Simple Wills and Probate
A lot of people think that the least complicated estate planning document is the simple will. It may not be that difficult to execute a will, but the administration process is another matter.
If you were to use a will, you would name an executor to act as the estate administrator. After your passing, the executor would admit the will to probate, and the Surrogate’s Court would provide supervision during the estate administration process.
The executor would notify the beneficiaries and identify and inventory the assets. A Tax Identification Number would be obtained, and the executor will start a bank account for the estate. Creditors are given seven months to make claims against the estate.
In addition to other types of creditors, final taxes must be paid, and appraisals and liquidation may be necessary before the assets can be distributed to the heirs.
When everything is in order, the court will close the estate and the inheritors will receive their bequests.
Living Trust Administration
There are a number of different types of trusts, but the trust that is most widely utilized is the revocable living trust. We will stick to an explanation of living trust administration here for simplicity’s sake.
The first thing to understand about the administration of a living trust is the simple fact that it is not subject to probate. This is an advantage, because probate will typically take 9 to 18 months to run its course, and no inheritances are distributed during this interim.
There are probate expenses that accumulate, and this is another drawback. Another negative is the loss of privacy. Anyone that is interested can access probate records to find out how the resources were distributed.
When you have a living trust, you act as the trustee while you are alive, so you have direct access to all of the assets in the trust. You can add additional property into the trust at any time, and you can utilize the assets as you see fit.
In the trust declaration, you name a trustee to succeed you after your passing, and your heirs would be designated as the beneficiaries. The trustee can be someone that you know personally, but many people will engage a trust company or the trust department of a bank.
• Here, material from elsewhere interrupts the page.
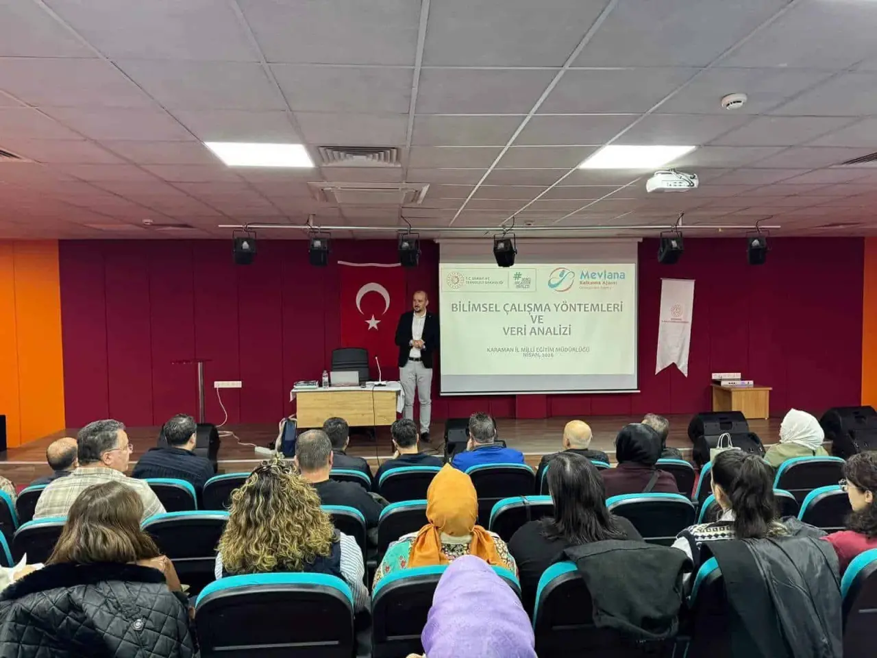 Karaman İl Millî Eğitim Müdürlüğü tarafından yürütülen ve Mevlana Kalkınma Ajansı (MEVKA) 2025 Yılı Teknik Destek Programı kapsamında desteklenen “Bilimsel Araştırma Yöntemleri ve Veri Analizi Eğitimi”, 13 Nisan 2026 tarihinde düzenlenen açılış programıyla başladı.

During the administration process, the tasks that must be completed by the trustee are similar to the executor’s duties. Aside from the avoidance of probate, another major difference is the fact that all of the resources are consolidated, and this simplifies the asset identification process.
As the grantor of a revocable living trust, you decide how the trust will be closed. You can instruct the trustee to distribute all the assets after they have been properly prepared and close the trust.
Some people will dictate terms that allow for limited distributions over extended periods of time. This is necessary if there is a minor beneficiary, and it is also a solution for spendthrift adults.